CHARLESTON, SOUTH CAROLINA — It's been a slog for Polestar retailers since the Swedish electric vehicle maker planted its flag in the U.S. in the maw of the pandemic.
Polestar, once a tuning division of Volvo Cars, launched when demand for battery-powered vehicles was hot and competition was not. But in the past four years, EV sales have cooled as the supply of new models from legacy automakers and startups has ramped up.
That has put Polestar — a fledgling brand with a single nameplate — in a difficult situation. U.S. sales of that vehicle, the Polestar 2 sedan, slumped 41 percent in the first half of 2024, according to Automotive News Research & Data Center estimates.
But Polestar is primed for growth.

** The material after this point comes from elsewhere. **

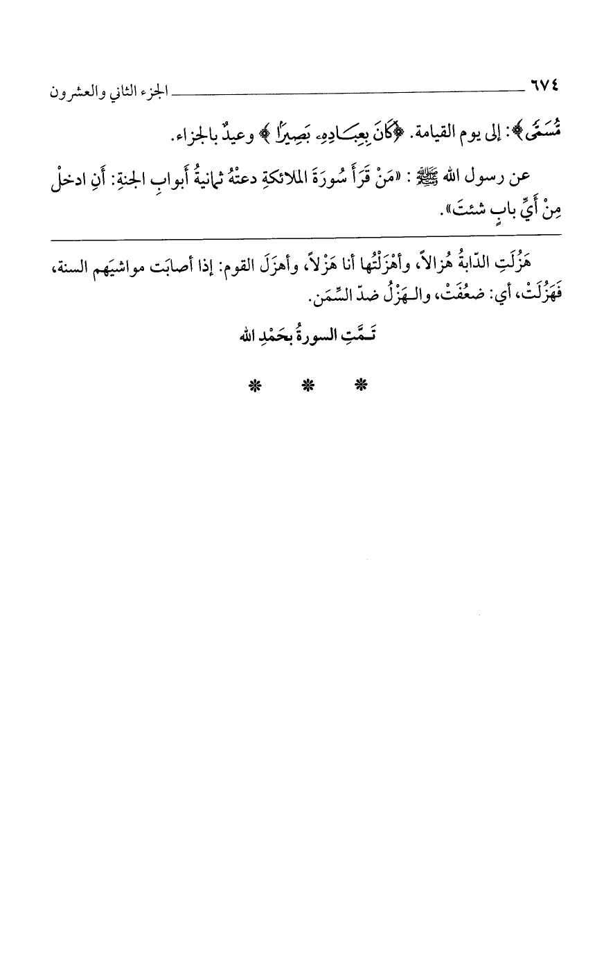 عن رسول الله صلى الله عليه وسلم: «من قرأ سورة الملائكة دعته ثمانية أبواب الجنة: أن أدخل من أى باب شئت».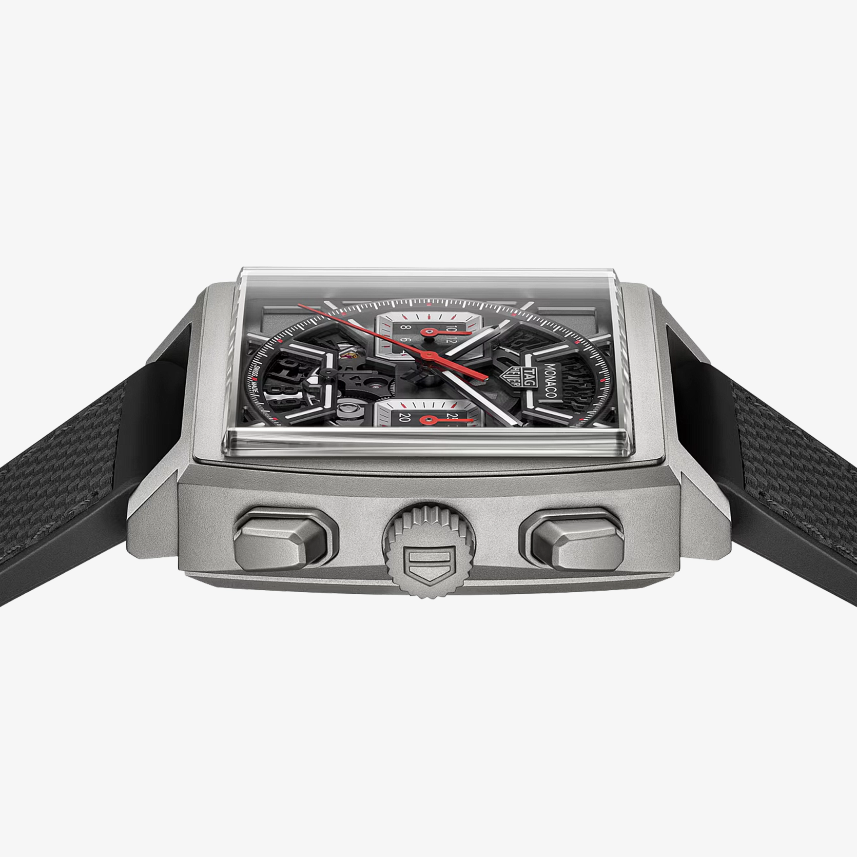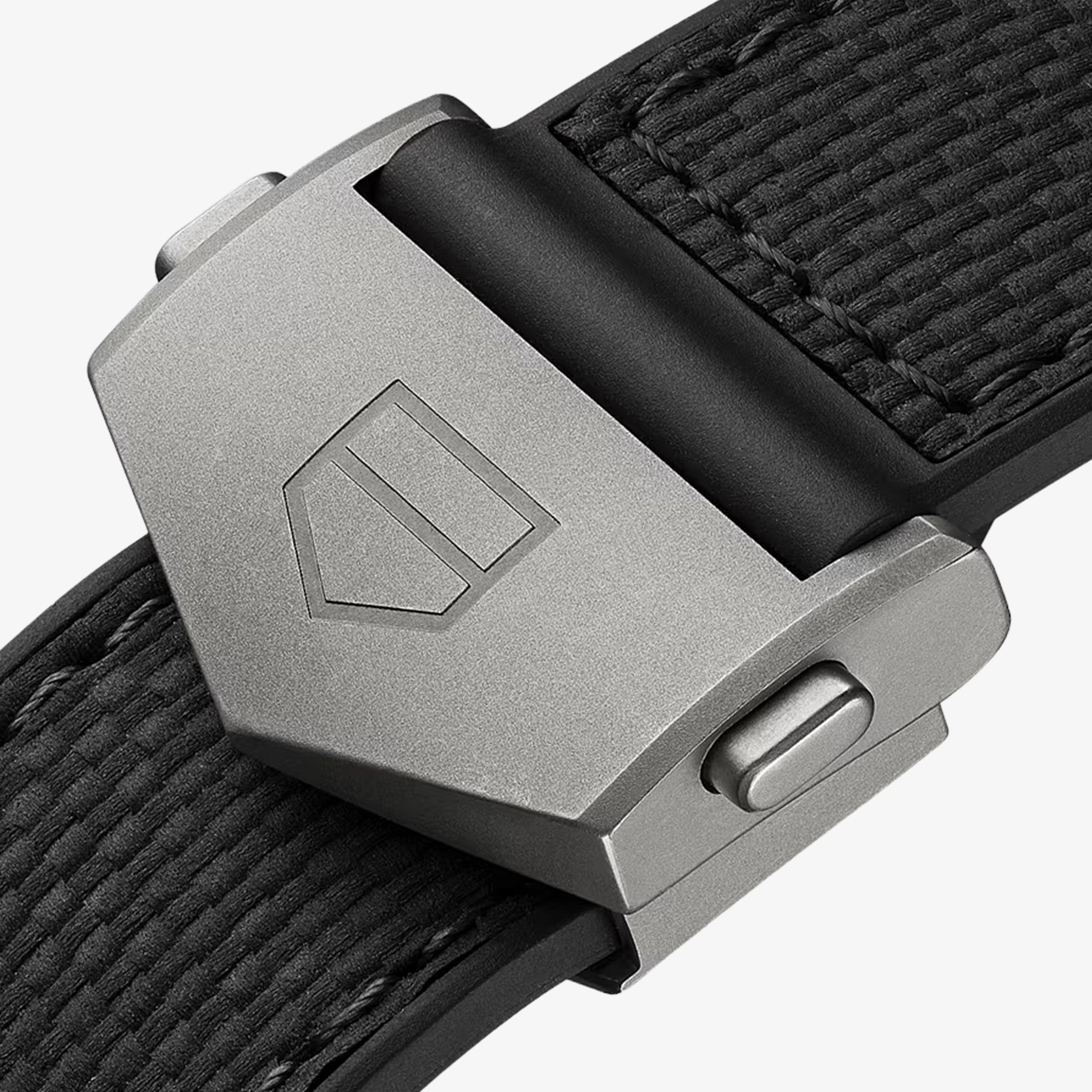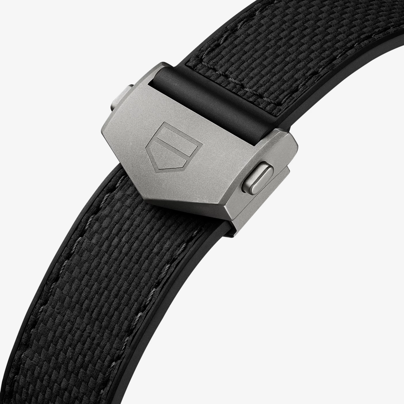 Das extrem leichte und technische 39-mm-Gehäuse aus Titan Grad 2 integriert das zuverlässige Automatikwerk Calibre Heuer 02. Die beste Verbündete eines Rebellen. Luxuriös und widerstandsfähig vereint das geprägte schwarze Armband in perfekter Harmonie die Eleganz des Leders mit der Robustheit des Kautschuks.

The automaker intends to grow its U.S. retail network to support a lineup that will triple in size this year with two premium crossovers.
"We've been waiting for that," Anders Gustafsson, the brand's new North America boss, said at a media event to mark the start of U.S. production of the Polestar 3 crossover. "We are going to attract more than just sedan customers."
Sales of the Polestar 3 large SUV began this month after a year-long delay because of software issues related to a new platform shared with the Volvo EX90.
The lower-priced Polestar 4, a higher-volume coupelike crossover, follows in the fourth quarter.
Two more nameplates — a performance sedan and a swoopy convertible — are on the road map for the next two years.
The competition will be what it is, Gustafsson said. "But it's by far easier [to compete] if you have more than one car," he said, "and now we have three."